1. A protective garment comprising:

a wearable material shaped to cover a part of a wearer's body; and

a shock-absorbing material fused to the wearable material.

2. The garment of claim 1, wherein the shock-absorbing material comprises a gelatinous elastomer blend.

3. The garment of claim 2, wherein the gelatinous elastomer blend comprises a polymer material blended with a plasticizer.

4. The garment of claim 3, wherein the plasticizer comprises mineral oil.

5. The garment of claim 1, wherein the shock-absorbing material has properties of breathability that cause heat to flow away from the wearer's body.

6. The garment of claim 1, wherein the shock-absorbing material has properties allowing it to conform to the contours of the wearer's body.

7. The garment of claim 1, wherein the shock-absorbing material has properties allowing it to grip the wearer's skin.

8. The garment of claim 1, wherein the shock-absorbing material has properties of thermal stability allowing it to retain malleability at temperatures below the freezing point of water.

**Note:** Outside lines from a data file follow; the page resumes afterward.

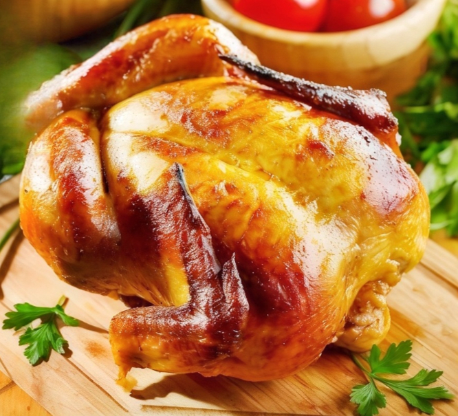 Pollo tipo empanizado crujiente, medio pollo acompañado de papas a la francesa, capsut y aderezo.
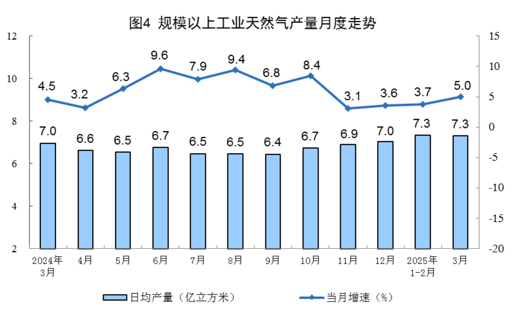 1—3月份,规上工业天然气产量660亿立方米,同比增长4.3%。
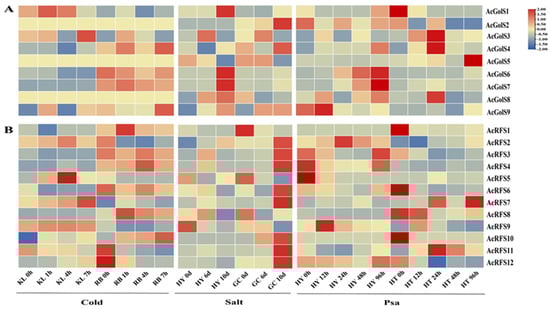 Expression analysis of AcGolS and AcRFS genes under cold, salt, and Psa. (A) Expression profiles of AcGolS genes; (B) Expression profiles of AcRFS genes. To the figures’ right, the color bar represents the log2 FPKM (fragments per kilobase of exon per million reads mapped) value.
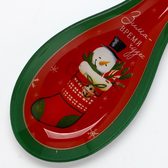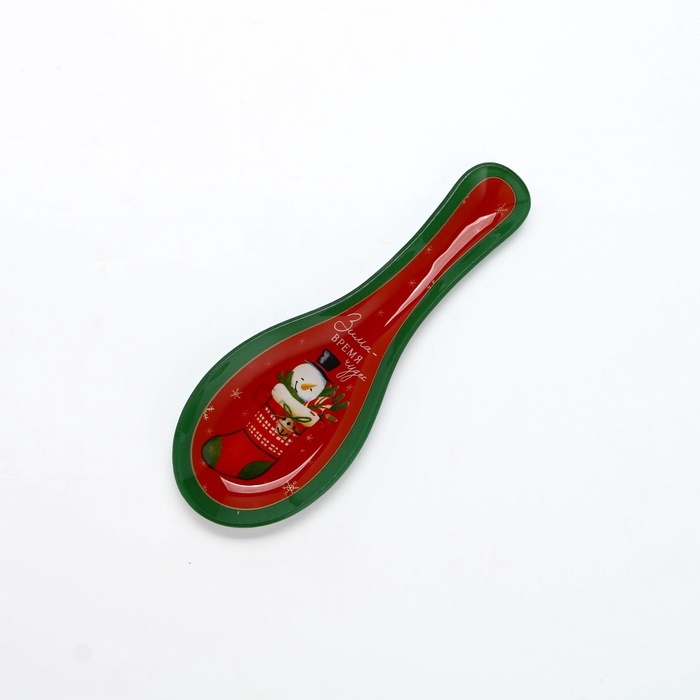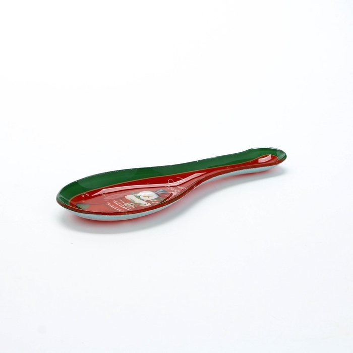 Подставка стеклянная под ложку Доляна «Счастливый Санта», 21×7,5 см, цвет зелёный
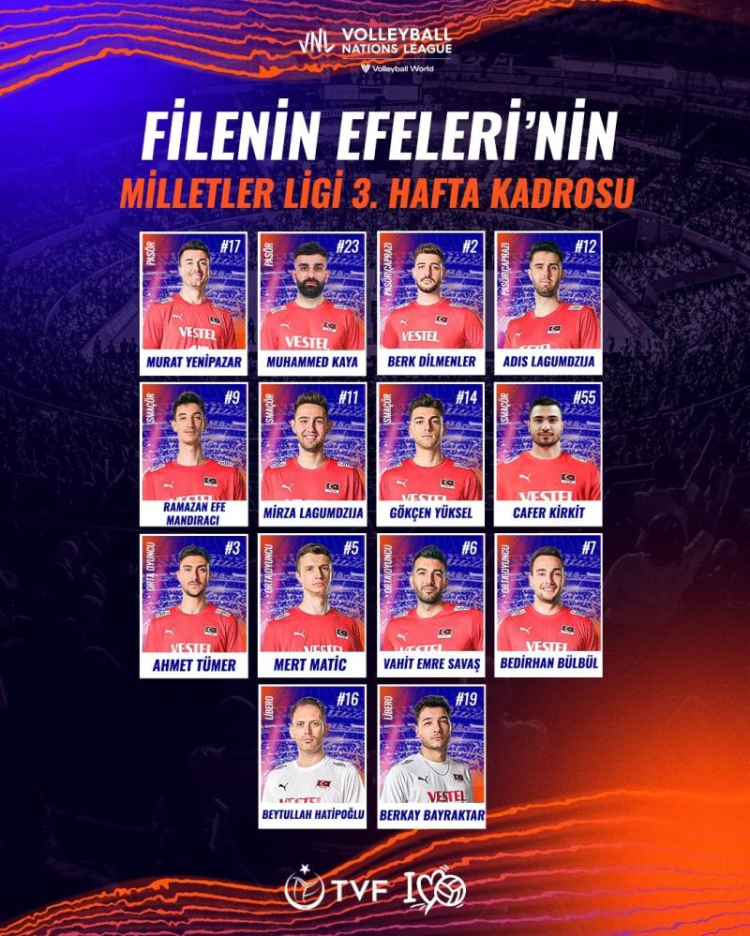 A Milli Erkek Voleybol Takımı'nın, Milletler Ligi 3. hafta kadrosu açıklandı
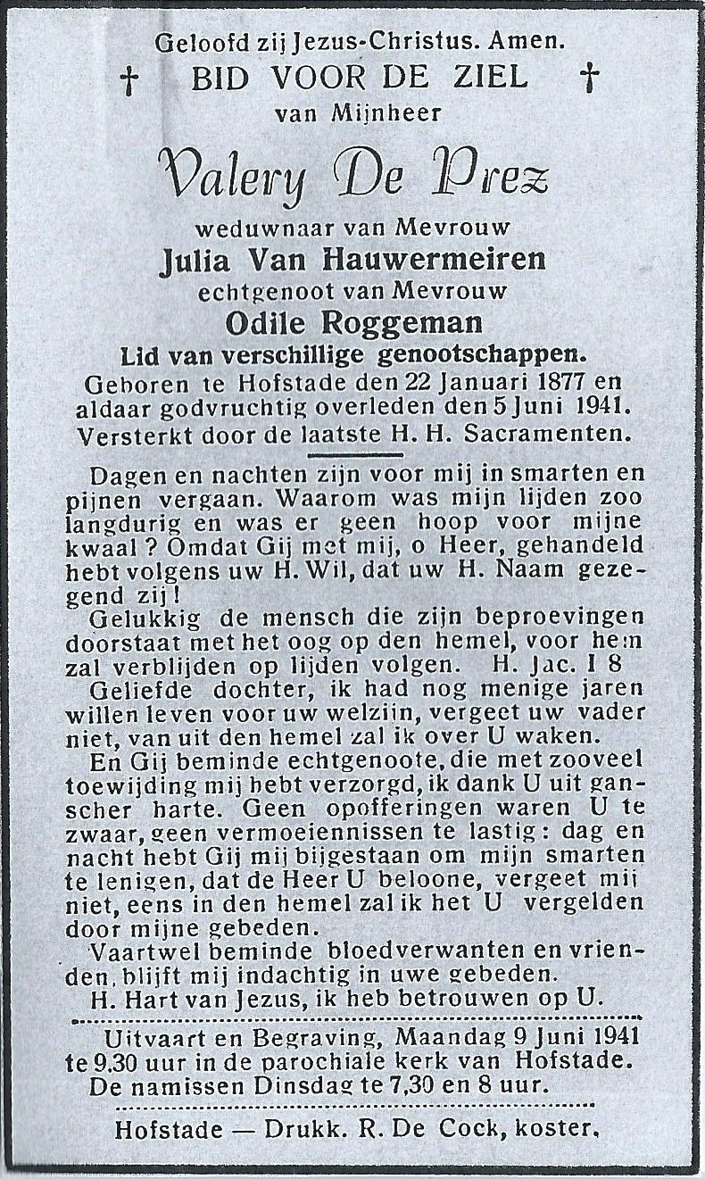 Valery De Prez Geboren: 22 januari 1877 — Hofstade Overleden: 5 juni 1941 — Hofstade |
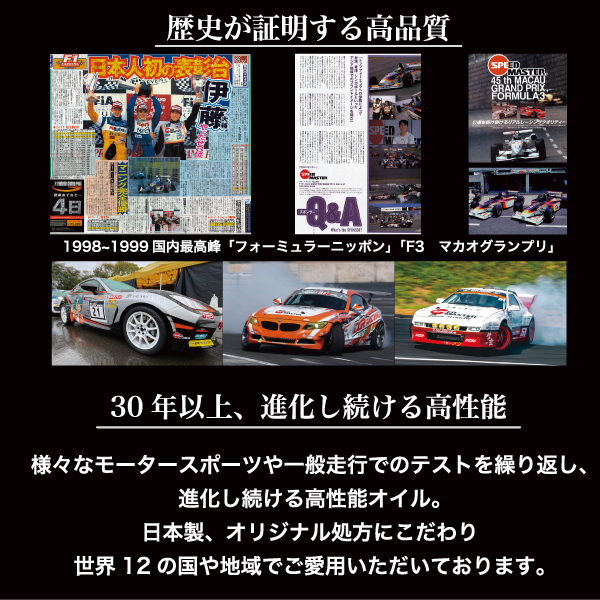今まで使っていた有名メーカーの商品は化学合成油で高性能の文句でしたが、耐久レースでは全くもたなっかた↓またそのような商品も無かった。スピードマスターは数少ないユーザーの為のオイルを作ってくれていて本当にありがたい☆ このネットサイトだとポイントも付くしこれからは全部スピードマスターにして上位に入れる様に頑張ります!!! -
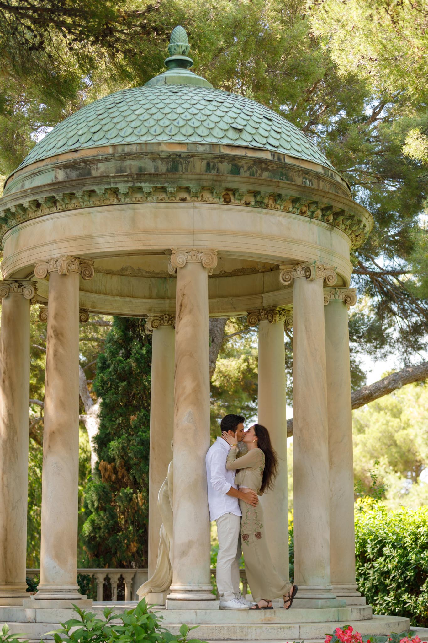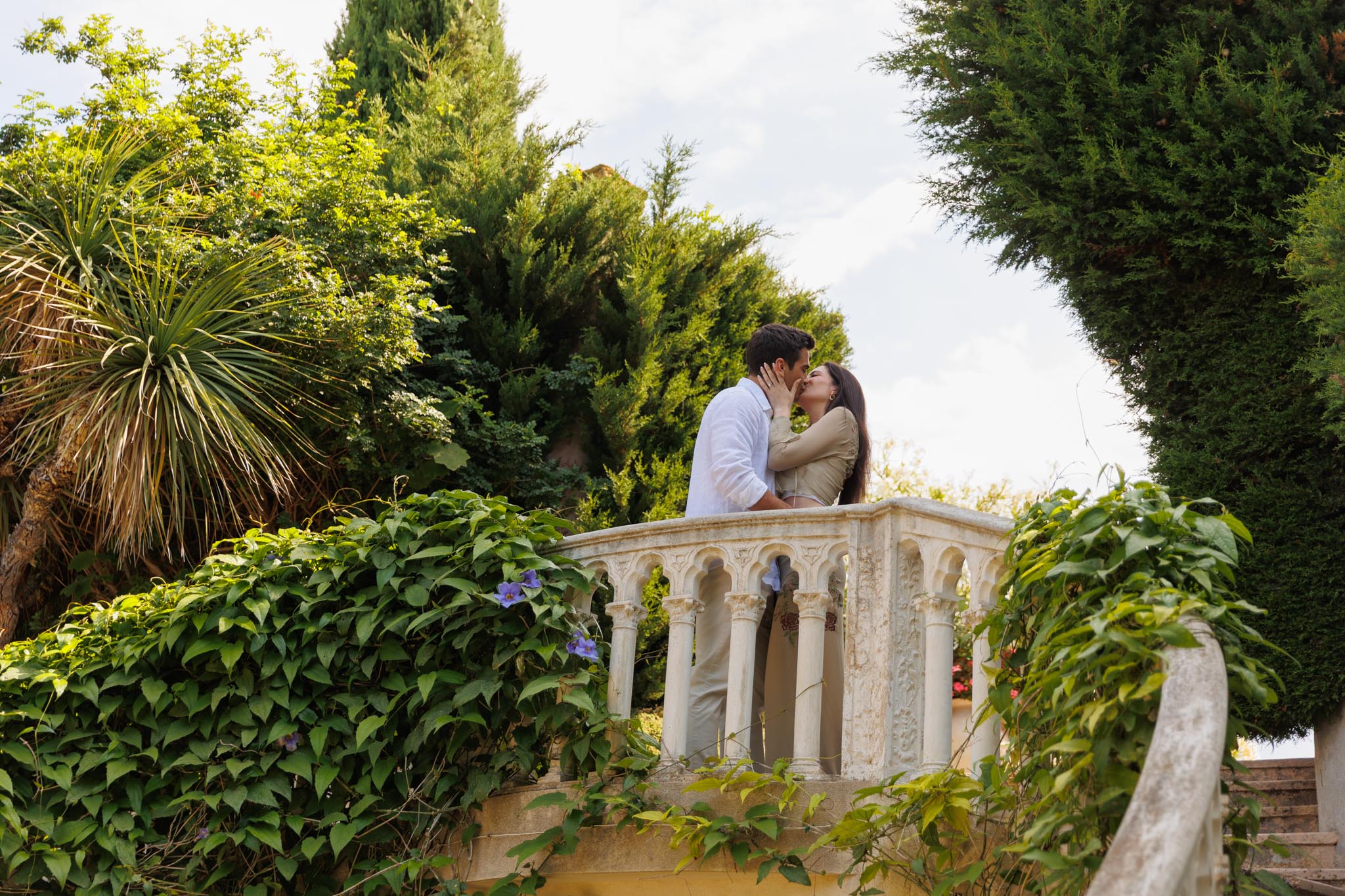 The session was scheduled for 10:00, shortly after the villa opened to the public. This timing was intentional, as mornings are typically quieter and less crowded, especially during the summer season. Arriving early also helped with lighting and temperature. Later in the day, temperatures can rise significantly, which is worth considering when planning a proposal here. We arrived before the garden opened to do some test shots at the location.

9. The garment of claim 1, further comprising a layer of block co-polymer material applied atop the shock-absorbing material.

10. The garment of claim 1, further comprising a layer of talcum powder applied atop the shock-absorbing material.

11. A method of producing a protective garment comprising:

heating a gelatinous elastomer blend to a temperature just below its flash point;

placing a wearable material in contact with the heated gelatinous elastomer blend; and

causing the gelatinous elastomer blend to cure and to fuse with the wearable material.

12. The method of claim 11, further comprising placing the heated gelatinous elastomer blend into a mold having a desired shape.

13. The method of claim 11, wherein placing the wearable material in contact with the heated gelatinous elastomer blend includes turning the wearable material inside-out and placing an interior surface of the material into contact with the heated gelatinous elastomer blend.

14. The method of claim 11, further comprising placing a rigid and heat-resistant form into contact with the wearable material before placing it in contact with the heated gelatinous elastomer blend.

15. The method of claim 11, further comprising applying a layer of block co-polymer material atop the gelatinous elastomer blend after the blend has cured.

16. The method of claim 11, further comprising applying a layer of talcum powder atop the gelatinous elastomer blend after the blend has cured.

17. A protective garment having a shock-absorbing material fused to a wearable material, the garment manufactured by the process of:

heating a gelatinous elastomer blend to a temperature just below its flash point,

placing a wearable material in contact with the heated gelatinous elastomer blend, and

18. The garment of claim 17, wherein the process further comprises applying a layer of block co-polymer material atop the gelatinous elastomer blend after the blend has cured.

19. The garment of claim 17, wherein the process further comprises applying a layer of talcum powder atop the gelatinous elastomer blend after the blend has cured.